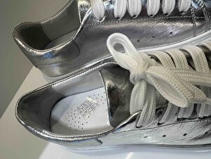 Kadın Gümüş Hakiki Deri Spor Sneaker Bağcıklı Günlük Kullanım Yumuşak Hafif & Konforlu Taban Kadın Gümüş Hakiki Deri Spor Sneaker Bağcıklı Günlük Kullanım Yumuşak Hafif & Konforlu Taban 210 40
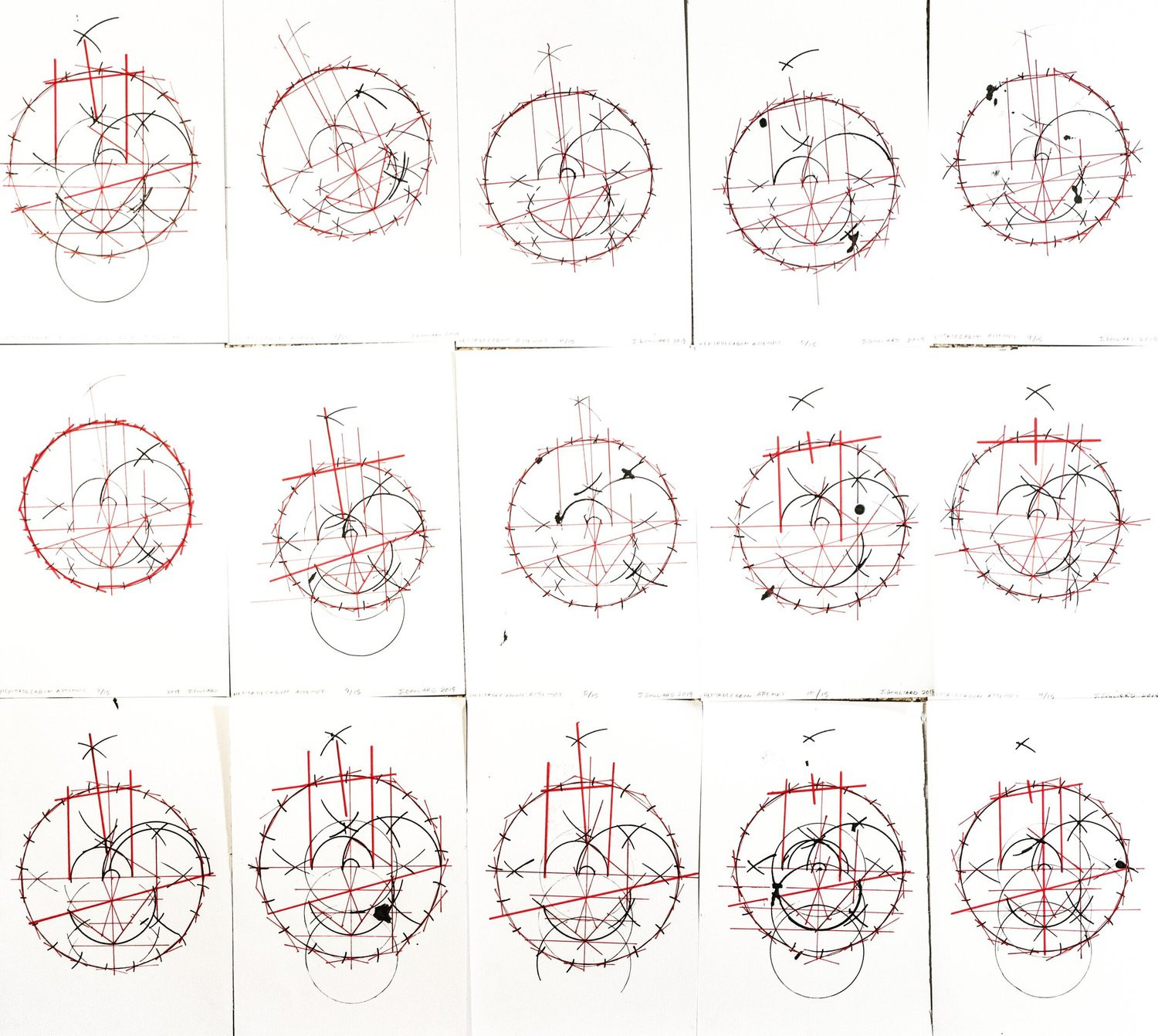 These pieces were produced between the years 2000 and 2020, though I still draw almost every day. Most of them served as layers to my series of diagrams. Some of them were part of a series of drawings sent out as holiday cards.
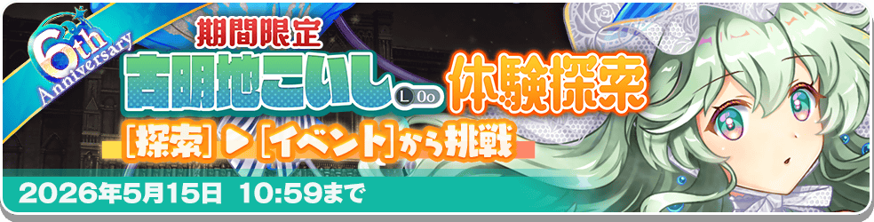 期間限定で、デイリー探索に「鍵を失くした開かずの心 古明地こいし(L0o)」の「仲間限定経験値強化探索」が登場します!
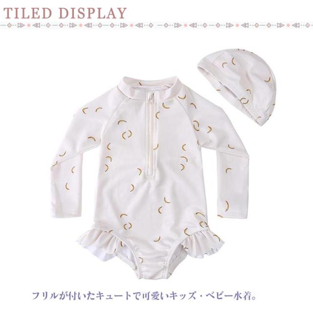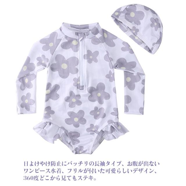 スイムキャップ付き 2点セット キッズ 水着 女の子 ワンピース ラッシュガード 可愛い フリル 長袖 子供 80 90 100 110 120 130 スイムウェア 子ども 子供水着 連帯水着 小学生 赤ちゃん ベビー スイミング スーツ 海水浴 川 海 プール 韓国ファッション 送料無料
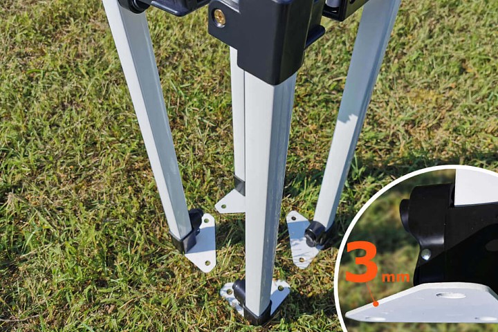 Teräsrunko on valmistettu paksuista norsunluunvärisistä profiileista. Erikoisjauhemaali suojaa metallia korroosiolta. Pinta kestää naarmuuntumista. Jokainen kankaan väri sopii hyvin yhteen rungon värin kanssa. Telttoja on saatavilla seitsemässä värissä. Materiaalin laatu on tavanomaista korkeampi.
◆ ◆ ◆ ◆
The answer must consist solely of the lines from the one with "スイムキャップ付き 2点セット キッズ" through the final line of the data, each reproduced exactly and with pictures omitted.

- RESPONSE:
 スイムキャップ付き 2点セット キッズ 水着 女の子 ワンピース ラッシュガード 可愛い フリル 長袖 子供 80 90 100 110 120 130 スイムウェア 子ども 子供水着 連帯水着 小学生 赤ちゃん ベビー スイミング スーツ 海水浴 川 海 プール 韓国ファッション 送料無料
 Teräsrunko on valmistettu paksuista norsunluunvärisistä profiileista. Erikoisjauhemaali suojaa metallia korroosiolta. Pinta kestää naarmuuntumista. Jokainen kankaan väri sopii hyvin yhteen rungon värin kanssa. Telttoja on saatavilla seitsemässä värissä. Materiaalin laatu on tavanomaista korkeampi.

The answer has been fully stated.